**Data extract**
________________
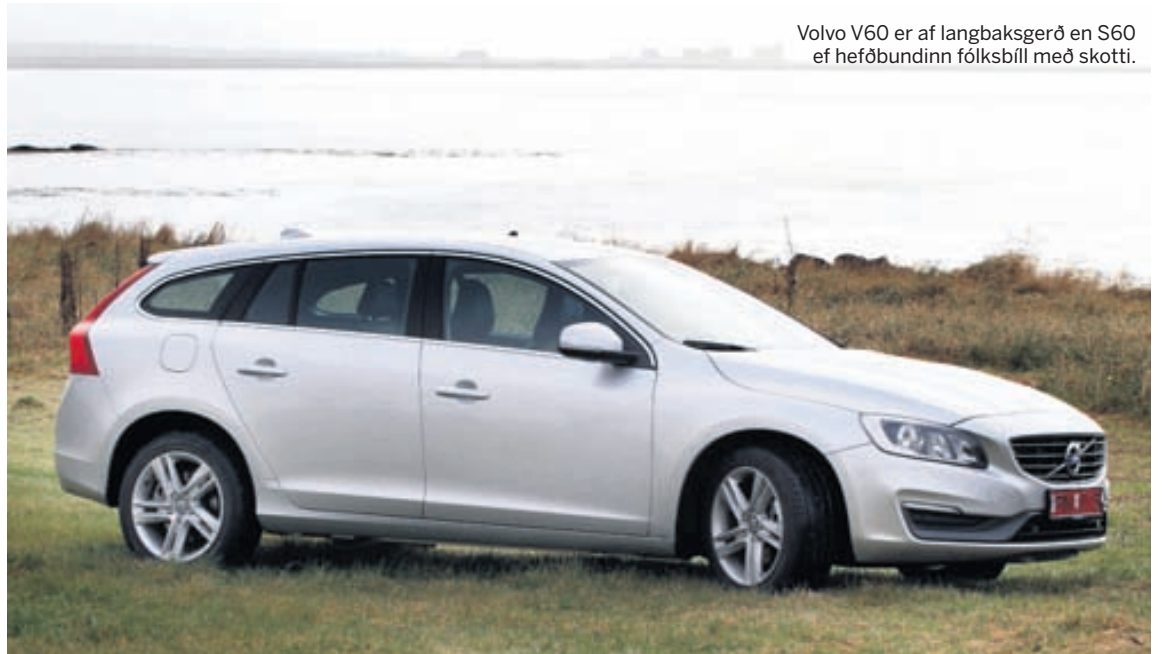
Volvo V60 er af langbaksgerð en S60 ef hefðbundinn fólksbíl með skotti.

Mengun 110 g/km CO2 Hröðun 11,3 sek. Hámarkshraði 190 km/klst Verð 6.190.000 kr. Umboð Brimborg
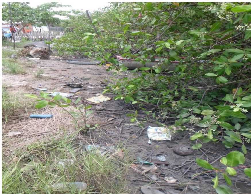
Figura 5- Resíduos sólidos trazidos no rio, beirando as casas da Caeira, set. 2014
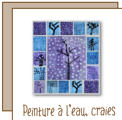
Peinture à l'eau, craies
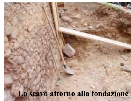
Lo scavo attorno alla fondazione
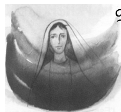
La Asunción de María
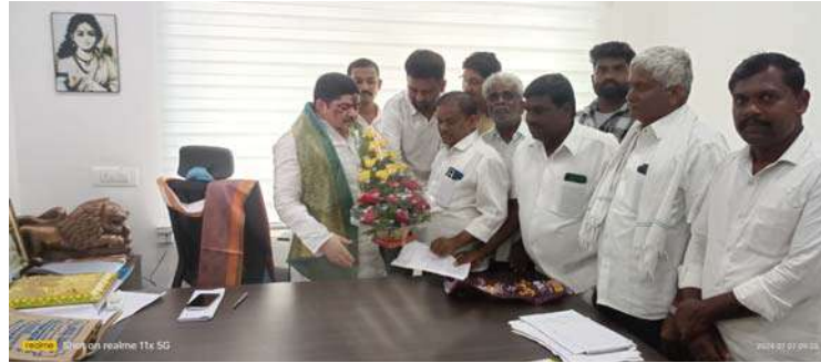
అక్షర విజేత, కొమరవెల్లి:
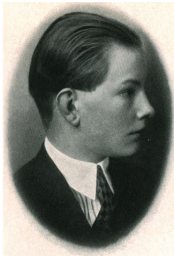
NILS FREDRIK NICOLAI AALL f. 1911
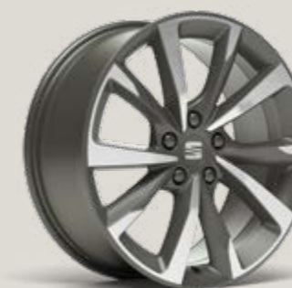
PERFORMANCE 18" LLANTAS DE ALEACIÓN MECANIZADAS GRIS COSMO FR
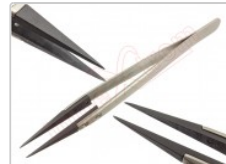
Pinzas disipadoras de electricidad, en blíster
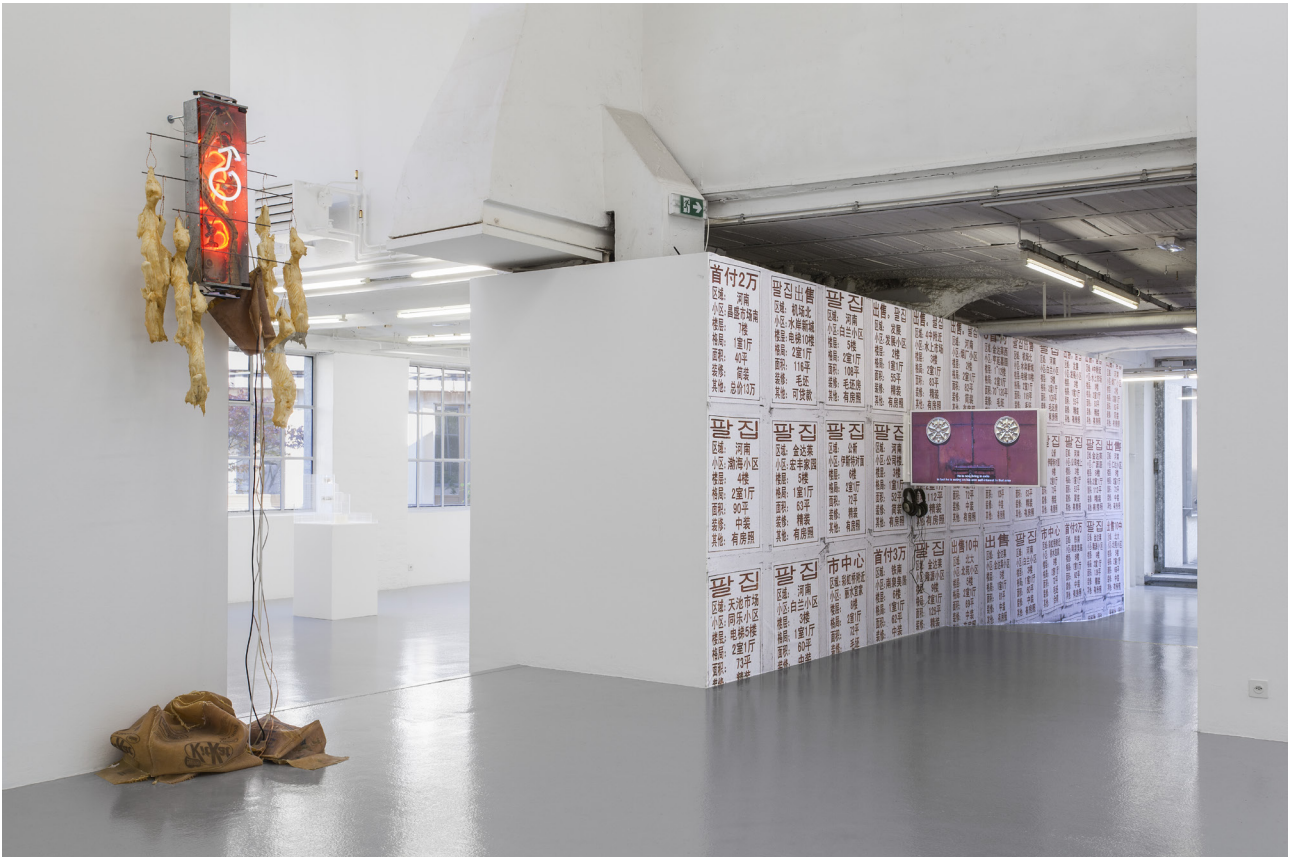
전시전경, Neo Geography I, CAN, 2017

지그프리트 기디온은 저서 <Building in France>에서 “바쁜, 현대” 독자를 위하여 캡션이 달린 사진 몽타주 형식으로 만든 “책”이 건축을 “전시”하는 가장 이상적 매개체라 말한 바 있다. <네오지오그래피 I>과 <네오지오그래피 II> 전시 후 프로젝트의 기획, 연구, 전시 내용과 기고문 (최초 번역문) 등으로 엮어진 엔솔로지를(국문 영문) 발간하여 책이라는 매개체를 통해 프로젝트를 다시 “전시”할 예정이다.
________________
**Directions for this task**
Pictures in the listing above must be skipped; everything else should be copied exactly.

**Response**
Volvo V60 er af langbaksgerð en S60 ef hefðbundinn fólksbíl með skotti.

Mengun 110 g/km CO2 Hröðun 11,3 sek. Hámarkshraði 190 km/klst Verð 6.190.000 kr. Umboð Brimborg
Figura 5- Resíduos sólidos trazidos no rio, beirando as casas da Caeira, set. 2014
Peinture à l'eau, craies
Lo scavo attorno alla fondazione
La Asunción de María
అక్షర విజేత, కొమరవెల్లి:
NILS FREDRIK NICOLAI AALL f. 1911
PERFORMANCE 18" LLANTAS DE ALEACIÓN MECANIZADAS GRIS COSMO FR
Pinzas disipadoras de electricidad, en blíster
전시전경, Neo Geography I, CAN, 2017

지그프리트 기디온은 저서 <Building in France>에서 “바쁜, 현대” 독자를 위하여 캡션이 달린 사진 몽타주 형식으로 만든 “책”이 건축을 “전시”하는 가장 이상적 매개체라 말한 바 있다. <네오지오그래피 I>과 <네오지오그래피 II> 전시 후 프로젝트의 기획, 연구, 전시 내용과 기고문 (최초 번역문) 등으로 엮어진 엔솔로지를(국문 영문) 발간하여 책이라는 매개체를 통해 프로젝트를 다시 “전시”할 예정이다.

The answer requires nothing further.